They carped at, gossiped about, and despised each other. They took the Corporation’s stock as part of their pay, and exploited all the more ruthlessly for it. They jockeyed for favored assignments, brought back as “souvenirs” anything valuable and sufficiently portable on the worlds they visited, and cordially hated the crews of all the rival mother ships. They weren’t pioneers—they were looters, squabbling among themselves for the biggest share, and they made Imbry’s stomach turn.

They were even worse than most of the TSN officers and men he’d known.

“Imbry.”

He looked up. Lindenhoff was standing, arms akimbo, under the schematic at the head of the briefing room.

“Yes?” Imbry answered tightly.

“You take II. It’s a rain-forest world. Humanoid inhabited.”

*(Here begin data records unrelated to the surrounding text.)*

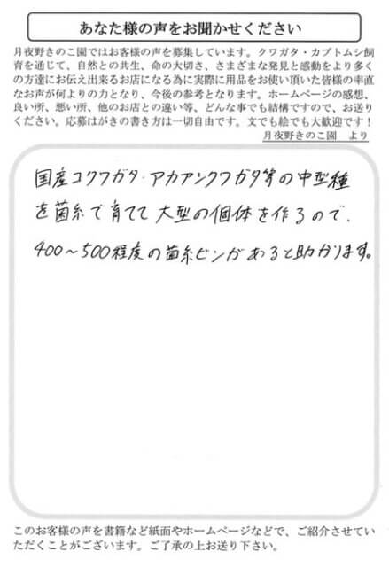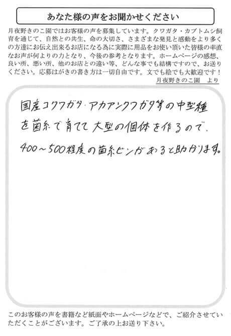 北海道 吉村 様 取扱追加希望 X Facebook はてブ LINE Pinterest コピー 2023.10.242025.12.15 国産コクワガタ・アカアシクワガタ等の中型種を菌糸で育てて大型の個体を作るので、400~500程度の菌糸ビンがあると助かります。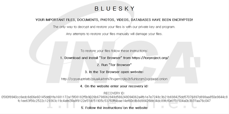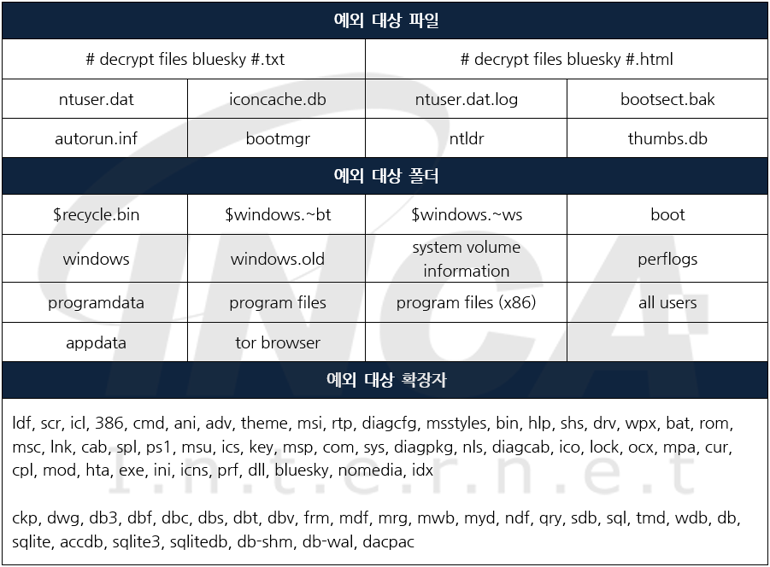 이후, “# decrypt files bluesky #.txt”, “# decrypt files bluesky #.html”라는 이름의 랜섬노트를 드랍한다.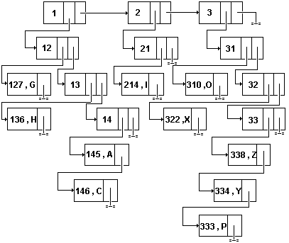 Рассмотрим еще одну задачу. На входе задана последовательность целых положительных чисел, заканчивающаяся нулем. Составить процедуру для ввода этой последовательности и организации ее последовательно-связанного индексного хранения таким образом, чтобы числа, совпадающие в двух последних цифрах, помещались в один подсписок. Выберем в качестве индексной функции G(K)=K%100+1, а в качестве индексного списка Х - массив из 100 элементов. Следующая функция решает поставленную задачу: #include #include typedef struct nd { float val; struct nd *n; } ND; int index (ND *x[100]) { ND *p; int i, j=0; float inp; for (i=0; i< 100; i++) x[i]=" NULL; " scanf(" %d", & inp); while (inp! =" 0)" { j++; p=" malloc(sizeof(ND)); " i=" inp%100+1; " p-> val=inp; p-> n=x[i]; x[i]=p; scanf(" %d", & inp); } return j; } Возвращаемым значением функции index будет число обработанных элементов списка. Для индексного списка также может использоваться индексное хранение. Пусть, например, имеется список B= с элементами K1=(338, Z), K2=(145, A), K3=(136, H), K4=(214, I), K5 =(146, C), K6=(334, Y), K7=(333, P), K8=(127, G), K9=(310, O), K10=(322, X).Требуется разделить его на семь подсписков, т.е. X= таким образом, чтобы в каждый список B1, B2,..., B7 попадали элементы, совпадающие в первой компоненте первыми двумя цифрами. Список Х, в свою очередь, будем индексировать списком индексов Y=, чтобы в каждый список Y1, Y2, Y3 попадали элементы из X, у которых в первой компоненте совпадают первые цифры. Если списки B1, B2,..., B7 хранить связанно, а списки индексов X, Y индексно, то такой способ хранения списка B называется связанно-связанным связанным индексным хранением. Графическое изображение этого хранения приведено на рис.12.

“I’ve studied the surveys.”

Lindenhoff’s heavy mouth twitched. “I hope so. You’re going alone. There’s nothing the natives can do to you that you won’t be able to handle. Conversely, there’s nothing much of any value on the planet. You’ll contact the natives and try to get them started on some kind of civilization. You’ll explain what the Terran Union is, and the advantages of trade. They ought to be able to grow some luxury agricultural products. See how they’d respond toward developing a technology. If Coogan turns up some industrial ores on IV, they’d make a good market, in time. That’s about the general idea. Nobody expects you to accomplish much—just push ’em in the right direction. Take two weeks. All straight?”

“Yes.” Imbry felt his jaws tightening. Something for nothing, again. First the Corporation developed a market, then it sold it the ores it found on a neighboring world.

No, he wasn’t angry about having been given an assignment that couldn’t go wrong and that wouldn’t matter much if it did. He was quite happy about it, because he intended to do as little for the Corporation as he could.